• [Input data]:
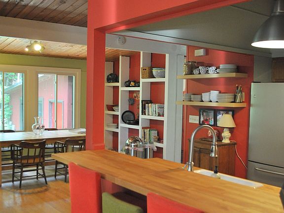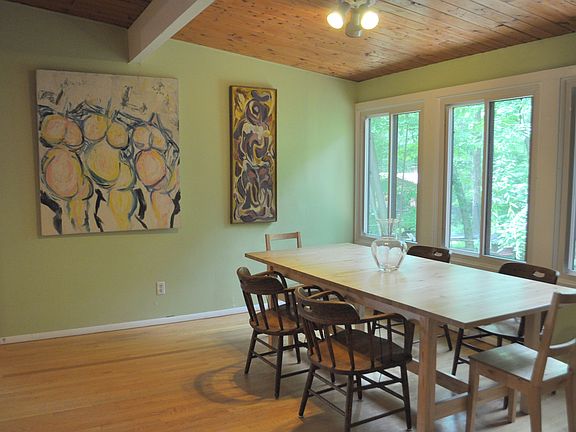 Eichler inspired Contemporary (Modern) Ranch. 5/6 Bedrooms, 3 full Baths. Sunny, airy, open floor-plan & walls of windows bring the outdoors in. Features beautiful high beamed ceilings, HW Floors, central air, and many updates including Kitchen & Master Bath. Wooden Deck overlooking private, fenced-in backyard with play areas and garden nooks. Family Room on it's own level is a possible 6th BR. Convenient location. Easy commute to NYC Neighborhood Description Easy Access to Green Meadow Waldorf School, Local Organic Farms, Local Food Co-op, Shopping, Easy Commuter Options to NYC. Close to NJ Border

---

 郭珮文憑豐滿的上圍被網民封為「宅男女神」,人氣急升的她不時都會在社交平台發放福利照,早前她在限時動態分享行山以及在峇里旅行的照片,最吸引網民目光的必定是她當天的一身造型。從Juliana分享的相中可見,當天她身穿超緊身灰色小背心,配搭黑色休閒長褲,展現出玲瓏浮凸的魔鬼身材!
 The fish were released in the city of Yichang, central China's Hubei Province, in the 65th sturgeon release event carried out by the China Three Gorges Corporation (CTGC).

• [What this task involves]:
With the first line being the one containing "郭珮文憑豐滿的上圍被網民封為" and the last line the one containing "The fish were", transcribe exactly the lines above that fall in that range.

• [Exercise solution]:
 郭珮文憑豐滿的上圍被網民封為「宅男女神」,人氣急升的她不時都會在社交平台發放福利照,早前她在限時動態分享行山以及在峇里旅行的照片,最吸引網民目光的必定是她當天的一身造型。從Juliana分享的相中可見,當天她身穿超緊身灰色小背心,配搭黑色休閒長褲,展現出玲瓏浮凸的魔鬼身材!
 The fish were released in the city of Yichang, central China's Hubei Province, in the 65th sturgeon release event carried out by the China Three Gorges Corporation (CTGC).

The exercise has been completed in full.